## Exercise aim
Reply solely with the number of lines, in the records underneath, that include the word "haben".

## Data records
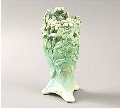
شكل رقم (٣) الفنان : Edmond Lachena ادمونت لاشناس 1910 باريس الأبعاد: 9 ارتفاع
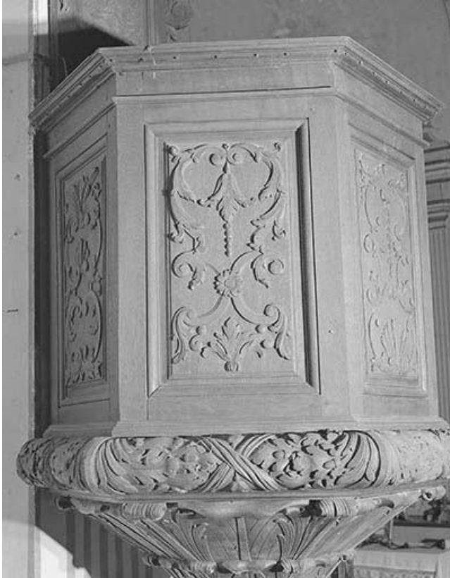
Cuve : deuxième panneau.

* * *

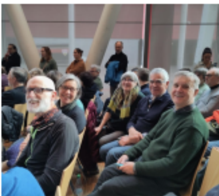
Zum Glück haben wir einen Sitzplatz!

--

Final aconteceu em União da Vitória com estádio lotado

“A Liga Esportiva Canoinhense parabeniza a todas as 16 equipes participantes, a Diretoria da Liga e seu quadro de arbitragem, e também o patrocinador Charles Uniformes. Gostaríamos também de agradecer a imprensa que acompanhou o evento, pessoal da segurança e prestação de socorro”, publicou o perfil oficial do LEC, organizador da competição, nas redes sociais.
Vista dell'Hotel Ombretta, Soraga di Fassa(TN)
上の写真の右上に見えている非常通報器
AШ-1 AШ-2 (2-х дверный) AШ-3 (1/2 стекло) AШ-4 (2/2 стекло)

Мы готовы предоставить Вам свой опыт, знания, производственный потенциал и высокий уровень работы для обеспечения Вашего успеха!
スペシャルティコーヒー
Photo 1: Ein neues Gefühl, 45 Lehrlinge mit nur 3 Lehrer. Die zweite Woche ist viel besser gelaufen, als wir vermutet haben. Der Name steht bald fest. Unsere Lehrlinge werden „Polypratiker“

## Final answer
2